Daily Sports: MLB Interleague Rivalries On Tuesday
Major league baseball is in the midst of a run of interleague rivalry games that began yesterday, and ESPN has a bi-coastal doubleheader tonight, starting with Mets-Yankees at 7 PM ET, and then showing Angels-Dodgers at 10 PM ET.
I have to say I’m not sure why MLB insists on taking all the fun interleague series and playing them all at once. The schedule also includes matchups like Orioles-Nationals, Cubs-White Sox, Royals-Cardinals and if you’re from the Midwest, Twins-Brewers has a little juice. Okay, this year, that’s a very little juice.
But the point is that these games are, to varying degrees, the most marketable of all the interleague games. Why jam them all on the same days? When the Houston Astros shifted to the American League, balancing the leagues at 15 teams apiece, and necessitating an interleague series in each schedule sequence, I thought this scheduling oddity would go away. I guess not, and since ESPN assumes the entire world wants to watch New York and Los Angeles, the chance to see some other fun rivalry series will go by the boards.

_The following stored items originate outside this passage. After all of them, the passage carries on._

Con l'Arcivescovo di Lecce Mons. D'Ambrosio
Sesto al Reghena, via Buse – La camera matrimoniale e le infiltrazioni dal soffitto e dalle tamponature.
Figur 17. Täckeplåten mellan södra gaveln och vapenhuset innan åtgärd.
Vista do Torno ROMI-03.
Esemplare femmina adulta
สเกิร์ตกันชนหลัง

Intense playoff action continues on the ice and the hardwood for tonight’s daily sports. Game 4 of the Miami Heat-Indiana Pacers series is at 8:30 PM ET on TNT. After Indiana lost Game 3, this has become the game the Pacers need to win, not just for their sake, but to get really tuned into this series. Otherwise, just let me know when the Miami-San Antonio championship battle begins.

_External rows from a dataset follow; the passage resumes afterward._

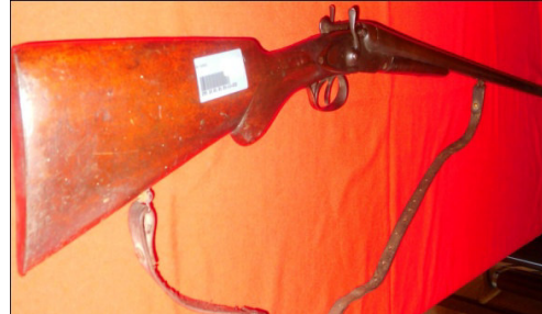
Fot.44,No-13,Tire Kent Müzesi,tüfek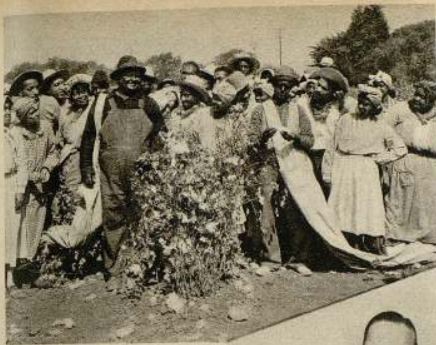
Stan Laurel y Oliver Hardy, en «De bote en bote», comedia de Hal Roach - M. - G. - M.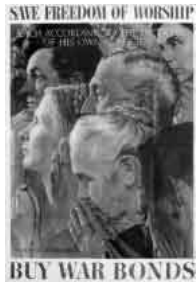
Plakat USA, nach einem Motiv von Norman Rockwell, 1943

Warum führen die Amerikaner Krieg? In erster Linie zur Durchsetzung eigener nationaler Interessen oder derjenigen verbündeter Staaten. Dazu gehörten bis zum Ende des Kalten Krieges, der bipolaren Weltordnung also, auch strategische Ressourcen. Seither hat die Globalisierung der Märkte, also ihre Öffnung über alle politischen Grenzen hinweg, die Bedeutung dieses Aspekts jedoch stark relativiert. Wichtiger ist heute, globale Energiequellen und Kommunikationswege einfach offenzuhalten. Ölkonzerne sind meist multinational organisiert, und so hat die direkte Kontrolle von Ländern, und damit ein zentraler Aspekt geostrategischer Überlegungen, erheblich an Relevanz verloren. Die Ölvorkommen Kanadas sind größer als die des Irak, die Förderregion um das Kaspische Meer boomt. Moderne Technik bietet zudem neue Möglichkeiten und Alternativen. Weder die USA noch Europa hängen daher von irakischen Öllieferungen ab. Umgekehrt gibt es für den Irak keine Alternativen: Er muß sein Öl verkaufen. Worin sollte also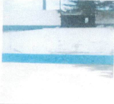
foto 1 esta imagen muestra el muro a remozar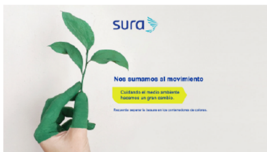
Medio ambiente [16:9]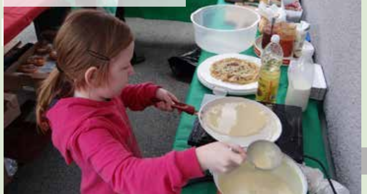
Mlada pomoč pri peki palačink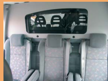
Cabine spacieuse et conviviale Sellerie non contractuelle

There’s no question what the biggest game of the night is, and it’s out in Los Angeles. The Dodgers and Angels might be playing for the city’s baseball heart, but in the NHL, the Kings host the San Jose Sharks in a Game 7 of their second-round series. The puck drops at 9 PM ET on NBC SportsNetwork, and starts a two-day sequence of Game 7s in the Western Conference, including Detroit-Chicago tomorrow.
If you want to watch something beyond the game and are hungry for the NFL, ESPN2 will have a 30-for-30 special on the 1983 NFL draft, the one which produced John Elway, Dan Marino and Jim Kelly, among others and until 2012, was considered the gold standard for quarterback drafts. It actually still is the gold standard, but the ’12 class of RG3, Luck, Wilson & Co., is the first one to be a viable threat to that status.
The documentary’s been running for a bit now, and it airs again tonight at 7 PM ET. You can also watch the story of the 2000 Baltimore Ravens, who won the Super Bowl under Brian Billick, at 8 PM ET on the NFL Network.
Here at TheSportsNotebook, we’ll have NHL analysis today, honing in on the battles in the Western Conference. Yesterday’s MLB coverage gave a soundbite summation of all 30 teams at the Memorial Day checkpoint. NBA commentary will resume tomorrow, to celebrate San Antonio and assess where Miami-Indiana is at.